While Yugoslavia could serve as a model of socialist transformation for Brandt the socialist and mayor, for Brandt the statesman, visiting Yugoslavia meant getting to grips with the extremely difficult legacy of German-Yugoslav relations. The central issue burdening relations was that of compensation for Yugoslavia’s victims of Nazi persecution. This issue represented a crucial obstacle in the rapprochement of Belgrade and Bonn for more than a decade. It had both economic and moral dimensions. During his talks with Tito in Brioni, the West German chancellor himself raised the issue of compensation, stressing that it was an open problem that needed to be discussed openly. Brandt emphasised that West Germany could no longer return to the past, while at the same time it couldn’t simply ignore its history or “sweep it under the rug”. The West German side offered capital assistance in the form of a loan totalling one billion Deutschemarks, and the Yugoslav side accepted to consider the issue closed with this indirect solution – albeit without explicitly mentioning compensation, so as not to set a precedent for other Eastern European countries.

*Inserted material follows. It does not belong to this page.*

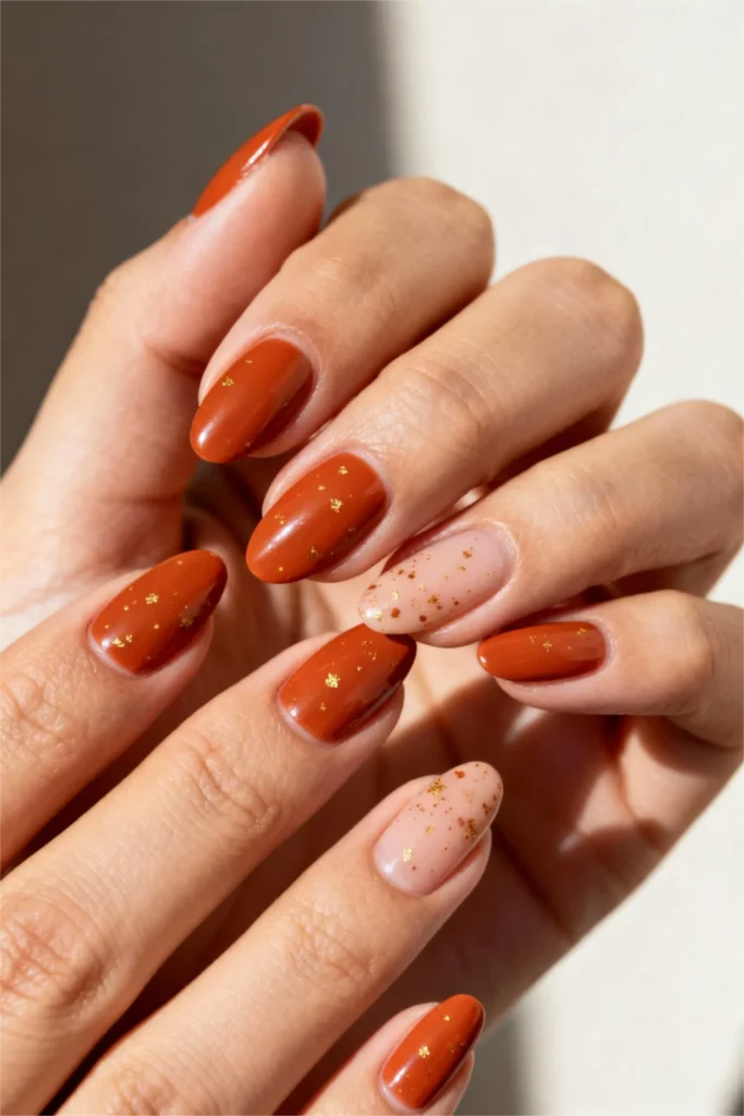 Warm, earthy tones are everywhere right now, and this rust orange is a perfect example. It’s burnt and rich, like autumn leaves or terracotta pottery. Some nails are solid rust, while others feature a softer peachy-nude base with scattered gold foil flakes. The combination is warm, inviting, and has this handmade, artisanal quality that feels really current.

During his time in Yugoslavia, Brandt also visited the National Library in Belgrade. In presenting a gift to the Library in the form of a consignment of replacement books for those that had perished in the German bombing of 6th April, 1941, Brandt made a symbolic gesture of repentance on behalf of the German people for the devastation wrought during World War II. With the Brioni “Gentlemen’s Agreement” between Tito and Brandt, the two sides agreed to lay to rest open and painful problems from the past through a stake in the future, in the form of long-term arrangements to cooperate in various fields.